To examine the effect of atmospheric trace species on the infrared thermal radiation of a supersonic dome, a series of radiation characteristics with different geometry sizes at near-ground altitudes were investigated numerically. The conjugate heat transfer method was applied to build the heat transfer model of the optical dome. Three major radiating species of H2O, CO2, and CO were taken into account in the shock layer. A line-by-line (LBL) method was used for evaluating the radiative properties of species. A line-of-sight (LOS) approach was applied to solve the radiative transfer equation (RTE). The simulated and measured results of the dome were also proposed to validate the numerical method. The effects of the dome geometry size, the dome material and the time-varying altitude on the infrared radiation noise were studied in detail. The results show that the altitude-varying radiation intensity along the LOS is related to the ambient density and velocity.
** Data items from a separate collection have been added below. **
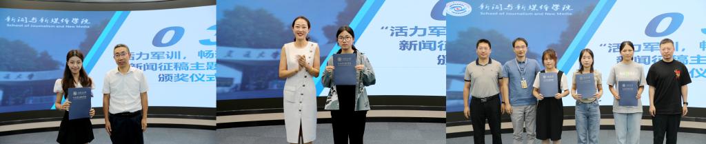 学院领导为“活力军训,畅想未来”新闻征稿主题活动的获奖同学颁奖,此次征稿活动收到来自新生同学关于专业认知、军训教育、文体生活等各方面的作品,评选一等奖1项,二等奖1项,三等奖3项。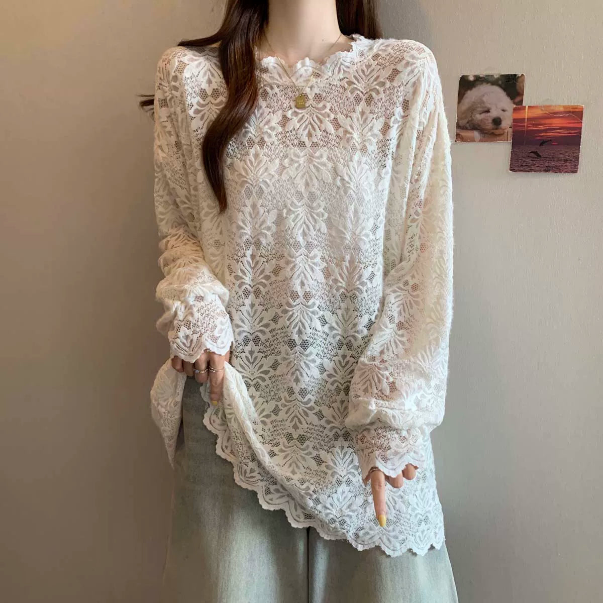 【トップス】レトロ デザイン 小犬柄 クルーネック ニット レディース ゆったり ルーズ 着回し セーター【FCシリーズ】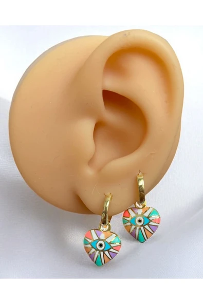 925 Ayar Gümüş Gözlü Kalp Küpe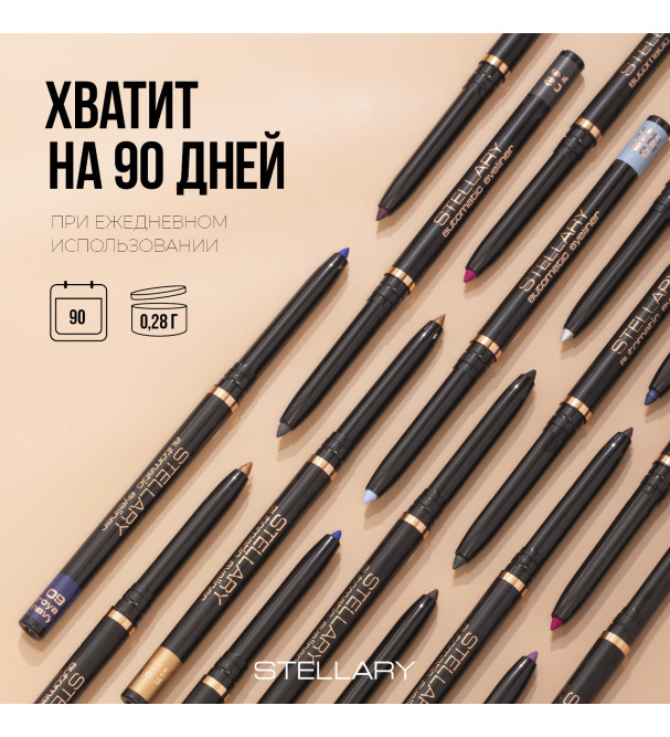 Автоматический карандаш для глаз Stellary обеспечивает легкое скольжение и быстрое нанесение насыщенного цвета. Мягкая комфортная текстура создает ровные линии и обеспечивает стойкий эффект. Выкручивающийся механизм позволяет контролировать длину грифеля, интенсивность линии и экономично расходовать средство. Карандаш создает ровное покрытие, а высокое содержание пигмента обеспечивает насыщенность цвета. Мягкая комфортная текстура подходит для нанесения вдоль внутренней линии роста ресниц. В ассортименте 12 оттенков: от классических черного и серого до креативных лилового и бордового. Макияж с автоматическим карандашом Stellary сделает взгляд более выразительным и привлекательным.

The variation of the dome radius is proportional to the total radiation received on the dome surface. It is observed that the maximum radiation intensity along the LOS does not occur in the normal direction of the receiving point, but it is determined by both the flow field parameters and the path length. Also, the radiation increment corresponding to different dome sizes approximately obeys a Gaussian distribution related to the product of density and velocity.